Feb 11, 2021
The merger will see ARC shareholders pay a relatively small premium and end up with 49% of the enlarged company, while Seven Generations investors will own the rest. Shares of both companies jumped in Toronto trading Thursday, indicating investors were pleased with the deal.
“In our view, scale is becoming crucial in staying relevant in a shrinking pool of capital for energy equities and adding scale without diluting the asset base is a major win,” analysts at Tudor Pickering Holt & Co. wrote in a note.
Canadian oil and gas producers have struggled in recent years to compete with U.S. shale, while also contending with pipeline capacity constraints and reduced investor appetite for energy following two market crashes since 2014.

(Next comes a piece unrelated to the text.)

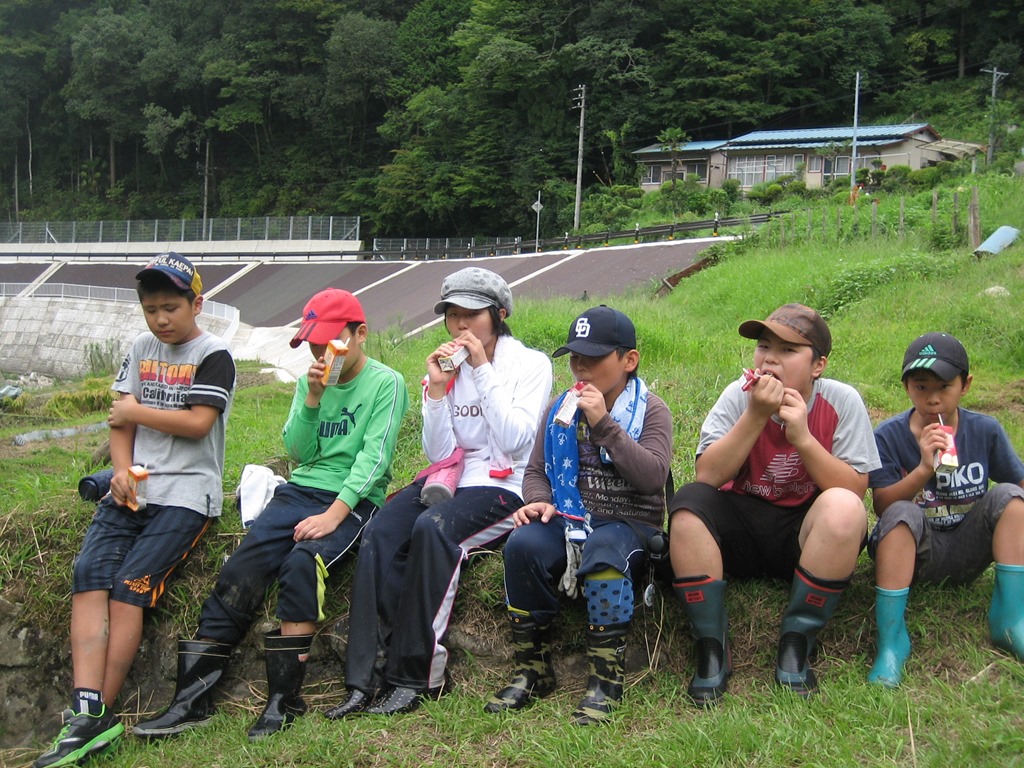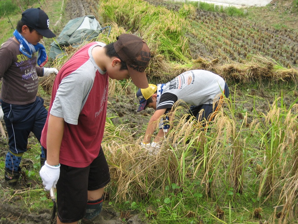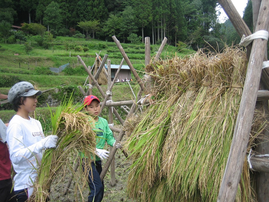 今の米作りは、機械化が進み、多くの場合、コンバインで刈り取ってもみにし、すぐに大型乾燥機で乾燥させ、もみすりまで短期間でして玄米にしますが、子どもたちは、鎌で刈って、稲束をはざに掛けることをしました。

The tie-up follows several other Canadian energy deals. In late 2020, Tourmaline Oil Corp. bought rivals Jupiter Resources Ltd. and Modern Resources Inc. That transaction followed a much larger deal in which oil sands producer Cenovus Energy Inc.’s took over Husky Energy Inc.
The merged gas producer will take the ARC name and produce 130,000 barrels of oil equivalent a day, consisting mostly of gas and condensate from the Montney, a shale formation that stretches between Alberta and British Columbia.

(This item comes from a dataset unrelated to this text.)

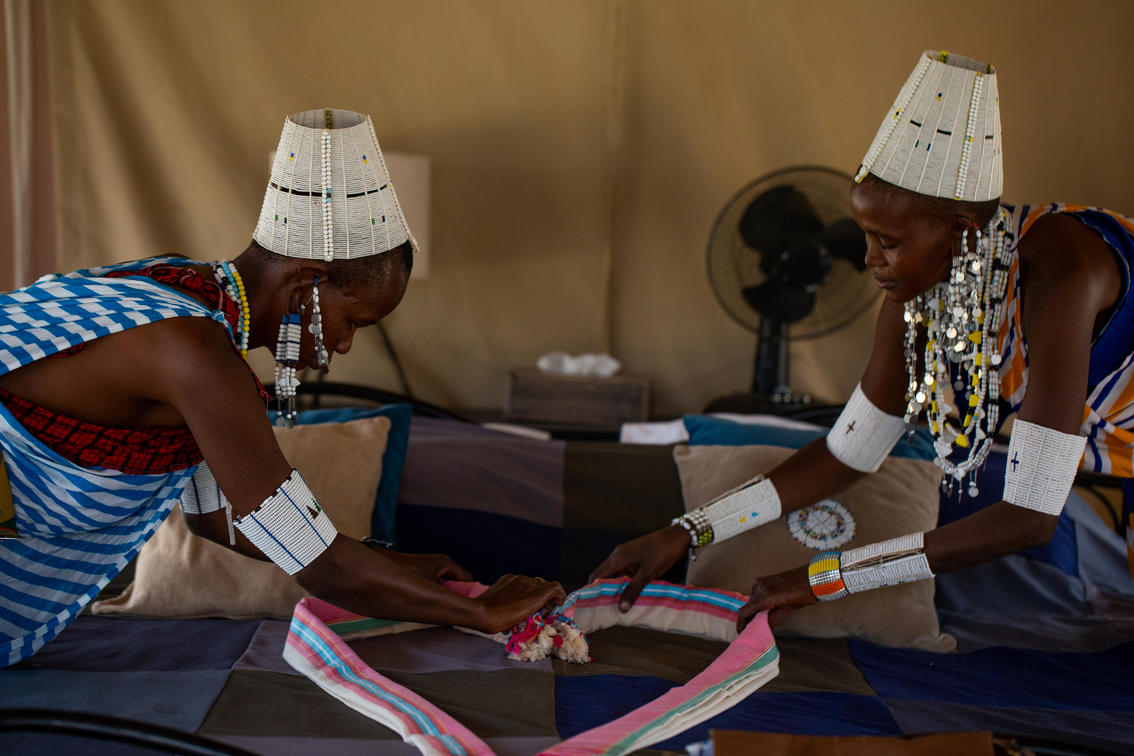Maasai Mamas making the rooms Locally employed Maasai Mamas help us lovingly prepare the rooms

The company will have an 11-member board, comprising six directors from ARC and five from Seven Generations. Its chief executive officer will be current ARC CEO Terry Anderson.
According to the two gas producers, the combined company will have an enterprise value of about C$8.1 billion including net debt. The new valuation looks cheap relative to its inventory, and its size should attract institutional investors, said Jeremy McCrea, an analyst at Raymond James.
“I think the merger of balance sheets will improve that leverage profile of how investors see a new combined company,” he said.